A toupée (/tuːˈpeɪ/ too-PAY-') is a hairpiece or partial wig of natural or synthetic hair worn to cover partial baldness or for theatrical purposes. While toupées and hairpieces are typically associated with male wearers, some women also use hairpieces to lengthen existing hair, or cover a partially exposed scalp.

==Etymology==

Toupée comes from the French toupet, meaning tuft of hair, as in a curl or lock of hair at the top of the head, not necessarily relating to covering baldness.

==History==
===18th century===
The toupée developed during the 18th century. Their popularity began to fade after the French Revolution.

===19th century===
In the United States, toupée use (as opposed to wigs) grew in the 19th century. One researcher has noted that this is in part due to a shift in perceptions over the perceived value of aging that occurred at that time.
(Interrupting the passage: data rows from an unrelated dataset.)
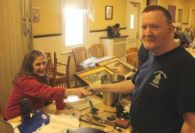 Left, top: Jean Decker scores a sale with Tim Meyer at Presbyterian Church of Catasauqua's craft/vendor fair April 6.
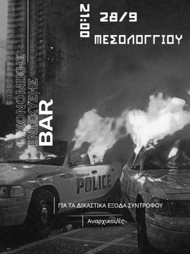 Bar οικονομικής ενίσχυσης για τα δικαστικά έξοδα συντρόφου, Πέμπτη 26/9 στις 21:00, πεζόδρομος Μεσολογγίου
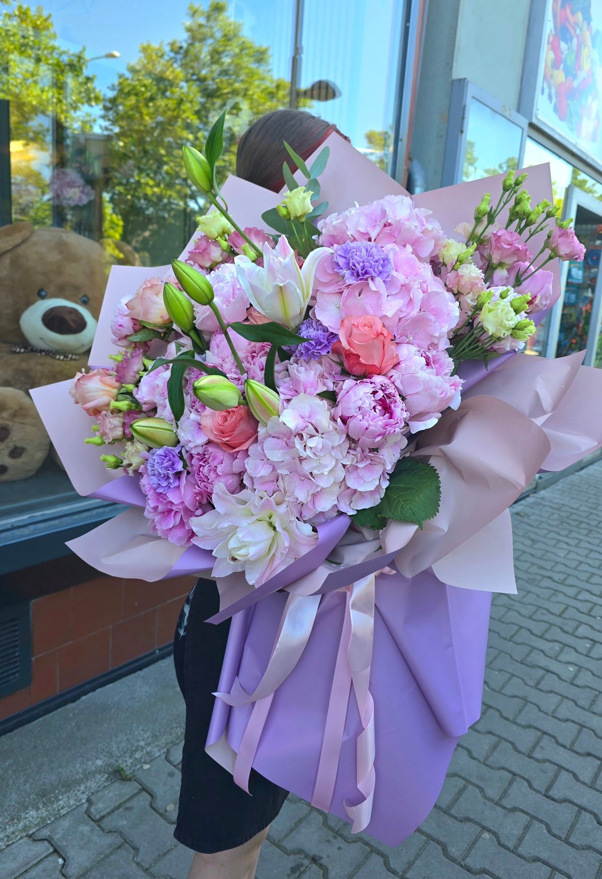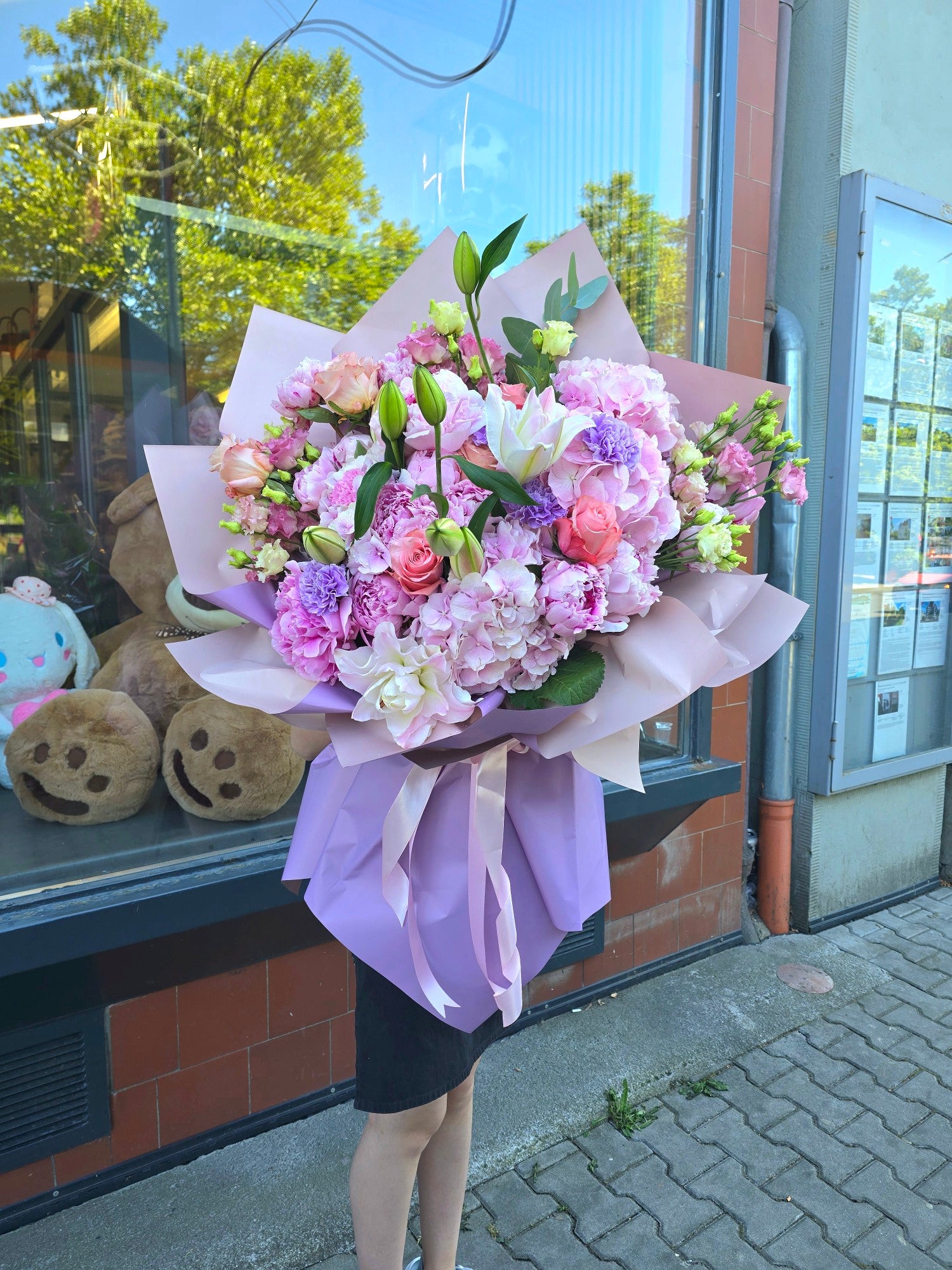 Enter a world of elegance and delicacy with this luxurious bouquet in shades of pink, purple and cream. Dominant peonies and hydrangeas complemented by fresh lilies and roses create an exceptional composition that is guaranteed to leave an impression.
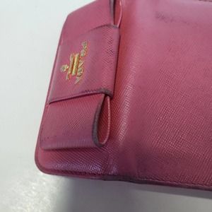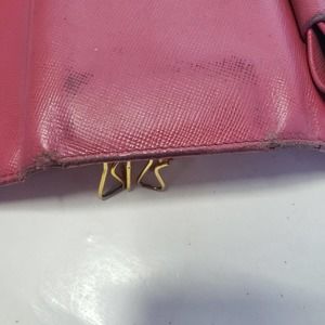 PRADA Leather Logo Wallet Small Pink Saffiano Compact Key Case Hooks Holder Bow
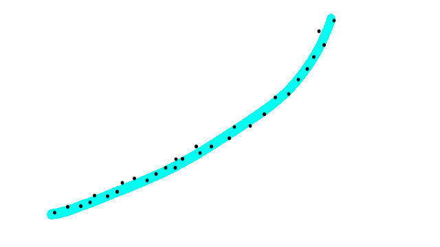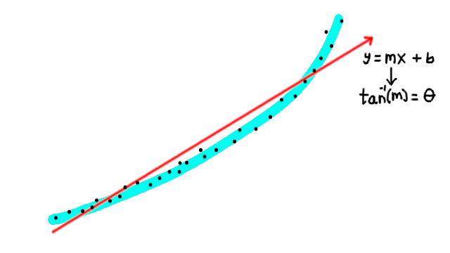 This is certainly a novel area of mathematics to use in real time in a game, but it makes sense in this context. In basic statistics, we can use a linear regression to find a line of best fit for a series of points. That line has a slope, and that slope can be transformed into a direction, which we can then pass into our physics code to change the direction of gravity.
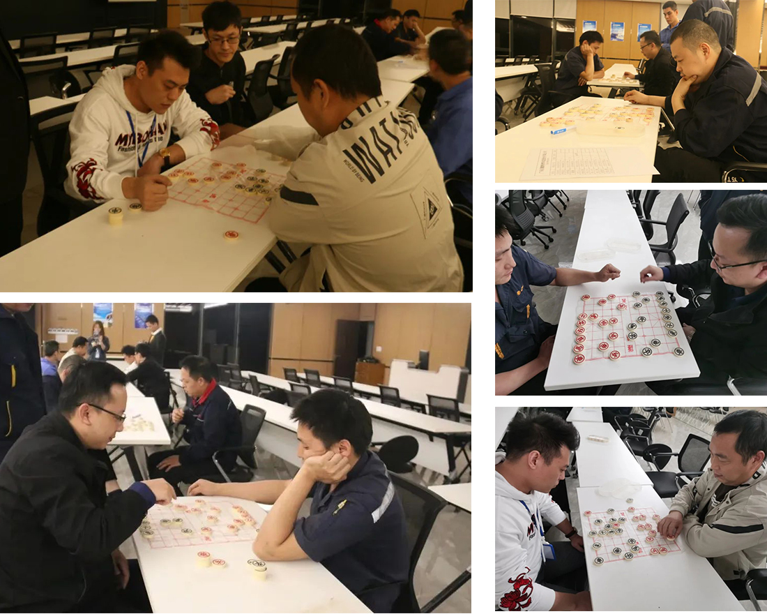 象棋比賽在集團總部大樓六樓會議室進行,現(xiàn)場氣氛緊張而又激烈。參賽隊員都凝神聚氣,仿佛所有力氣都付諸在了每一顆棋子上。雙方對弈激烈,你一步我一步僵持許久都難分勝負。
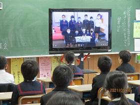 本日は、土曜日ですが、授業参観を実施しました。1限目は、学校集会ですが、感染対策のため、各教室でテレビ画面での参加となりました。始めに書き初め大会の表彰を行い、学校長、今月の生活目標、保健委員会の発表、今月の歌などがありました。

Men chose to attempt to appear younger, and toupées were one method used.

...since 1800, the U.S. Census generally shows far more 39-year-olds than 40-year-olds. Furthermore, the costume of men switched from a design clearly intended to make the young look older to one that was clearly intended to make the old look younger. For example, this era saw the decline of the wig and the rise of the toupée.

===20th century===
By the 1950s, it was estimated that over 350,000 U.S. men wore hairpieces, out of a potential 15 million wearers. Toupée manufacturers helped to build credibility for their product starting in 1954, when several makers advertised hairpieces in major magazines and newspapers, with successful results. Key to the promotion and acceptance of toupées was improved toupée craftsmanship, pioneered by Max Factor. Factor's toupées were carefully made and almost invisible, with each strand of hair sewed to a piece of fine flesh-colored lace, and in a variety of long and short hairstyles. Factor, also a Hollywood makeup innovator, was the supplier of choice for most Hollywood actors.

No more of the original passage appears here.